The Republican Party hates poor and old folk

The Washington Post reports that:

The top Senate Republican sought Thursday to clarify his party’s stance on Medicare heading into high-stakes talks with the White House, telling President Obama he wants “significant” changes to the program in exchange for lifting the legal limit on government borrowing.

After the entire Senate Republican caucus met with Obama at the White House, Minority Leader Mitch McConnell (Ky.) said he would not insist on a controversial House GOP plan that would partly privatize the popular health program for the elderly. But with Medicare and Medicaid projected to be the major drivers of future borrowing, he said tighter eligibility requirements and reduced benefits must be part of any deal.

So, McConnell threatens to wreck the economy by shutting down the Federal Government if Obama and the Congressional Democrats in his party refuse to put the screws to the aged and infirm in the United States.

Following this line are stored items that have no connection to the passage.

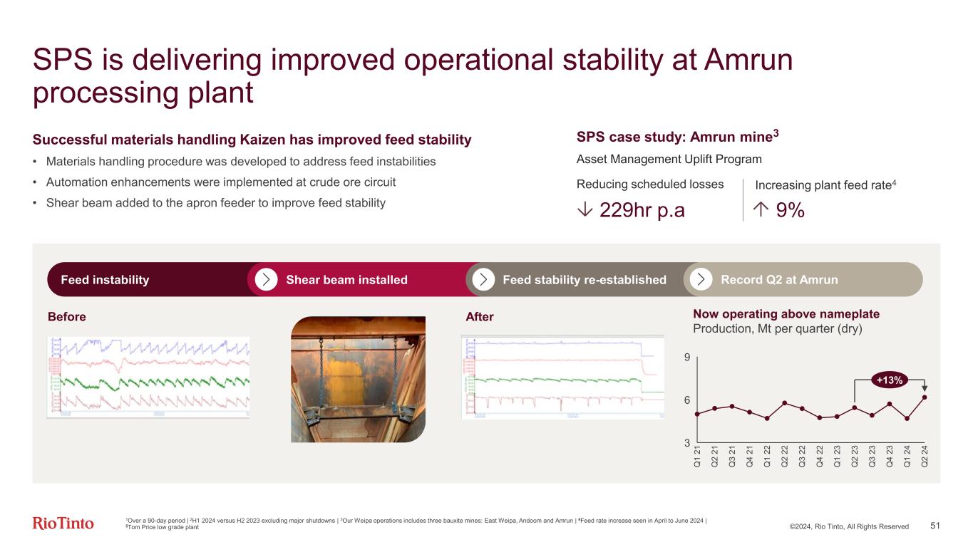 ©2024, Rio Tinto, All Rights Reserved 51 SPS is delivering improved operational stability at Amrun processing plant Successful materials handling Kaizen has improved feed stability • Materials handling procedure was developed to address feed instabilities • Automation enhancements were implemented at crude ore circuit • Shear beam added to the apron feeder to improve feed stability Before After 3 6 9 Q 1 21 Q 2 21 Q 3 21 Q 4 21 Q 1 22 Q 2 22 Q 3 22 Q 4 22 Q 1 23 Q 2 23 Q 3 23 Q 4 23 Q 1 24 Q 2 24 +13% Now operating above nameplate Production, Mt per quarter (dry) Feed instability Shear beam installed Feed stability re-established Record Q2 at Amrun SPS case study: Amrun mine3 Asset Management Uplift Program 9% Increasing plant feed rate4 229hr p.a Reducing scheduled losses 1Over a 90-day period | 2H1 2024 versus H2 2023 excluding major shutdowns | 3Our Weipa operations includes three bauxite mines: East Weipa, Andoom and Amrun | 4Feed rate increase seen in April to June 2024 | 5Tom Price low grade plant
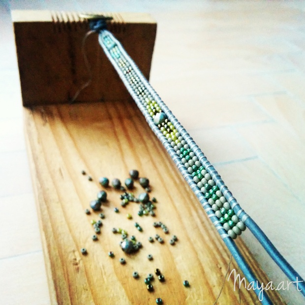 V procesu tvorby tkaného náramku rokajlem a broušenými korálky na šedou kůži.
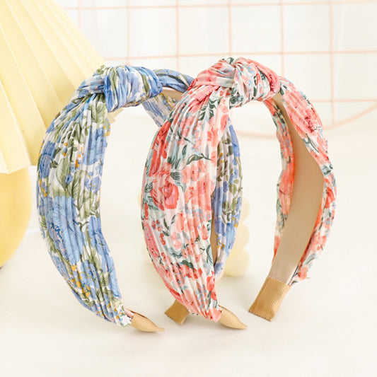 Pleated chiffon tie-dye printed knotted headband
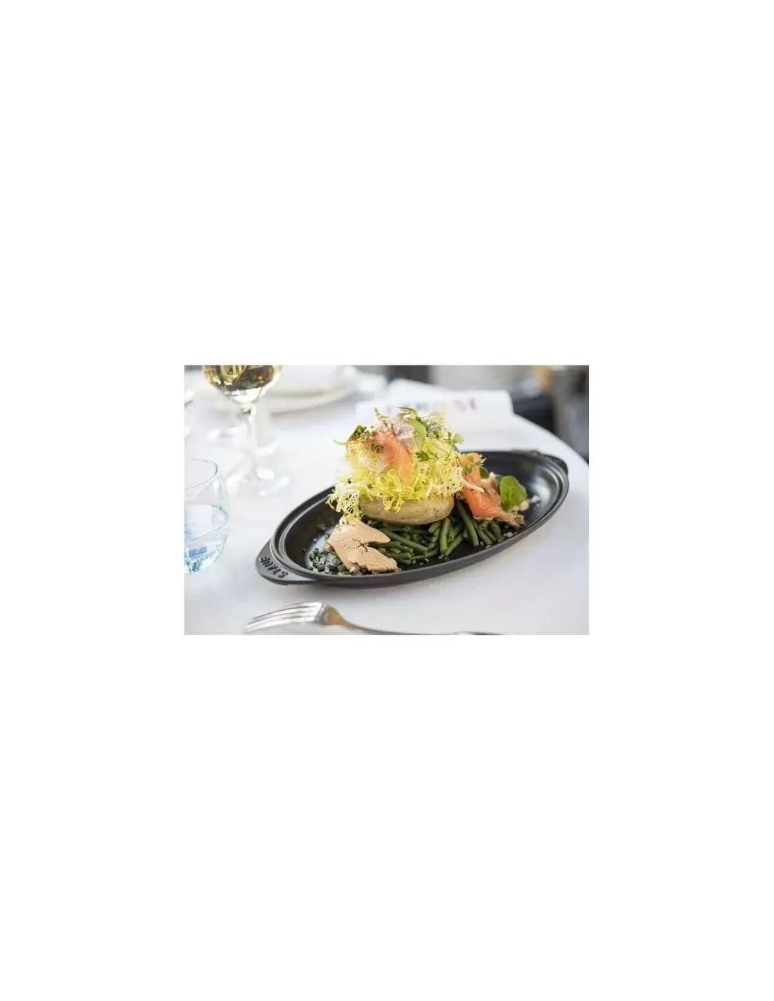 Sirva un pescado fresco directamente del horno a la mesa: así por ejemplo, puede cocinar suavemente un sabroso pescado en este plato de hierro colado de la marca Staub y llevarlo seguidamente a la mesa. El elegante diseño ovalado de color negro lleva la atención al pescado, servido con gran estilo. El plato para presentación tiene una capacidad de 0,7 litros y el pomo de latón de la tapa le confiere una estética atractiva. La tapa está provista de pequeños relieves que devuelven la condensación al pescado, de forma que este se mantiene jugoso y el sabor se despliega en su totalidad. Con las asas mide 36 cm de largo, 8,4 cm de alto y 20 cm de ancho. Como el resto de los productos de cocina Staub, este plato de presentación ovalado destaca por su moderno diseño inspirado en la cocina tradicional francesa. Es de un material resistente y fácil de lavar, que le permite elaborar cómodamente varios platos de pescado fresco para sus familiares y amigos y presentarlos con verdadero estilo.

Obama and the Democrats cannot avoid resolving this dilemma simply because they too are strongly committed to a low-tax economy and government and to the American empire as we have known it.

There is a lot of hypocrisy in the Republican’s current position on Social Security, Medicare and Medicaid, as Paul Krugman argues here:

This has to be one of the funniest political stories of recent weeks: On Tuesday, 42 freshmen Republican members of Congress sent a letter urging President Obama to stop Democrats from engaging in “Mediscare” tactics — that is, to stop saying that the Republican budget plan released early last month, which would end Medicare as we know it, is a plan to end Medicare as we know it.

Now, you may recall that the people who signed that letter got their current jobs largely by engaging in “Mediscare” tactics of their own. And bear in mind that what Democrats are saying now is entirely true, while what Republicans were saying last year was completely false. Death panels!

Well, it’s time, said the signatories, to “wipe the slate clean.” How very convenient — and how very pathetic.

Anyway, the truth is that older Americans really should fear Republican budget ideas — and not just because of that plan to dismantle Medicare. Given the realities of the federal budget, a party insisting that tax increases of any kind are off the table — as John Boehner, the speaker of the House, says they are — is, necessarily, a party demanding savage cuts in programs that serve older Americans.

“This is,” as Jon Walker asserted, “chutzpah in its purest form.” It is unfortunate that the Republicans will get away with this gambit if the Democratic Party fails to take a sensible alternative to the American people, thereby forcing the Republicans to defend their reversal on Medicare and their attack on the elderly.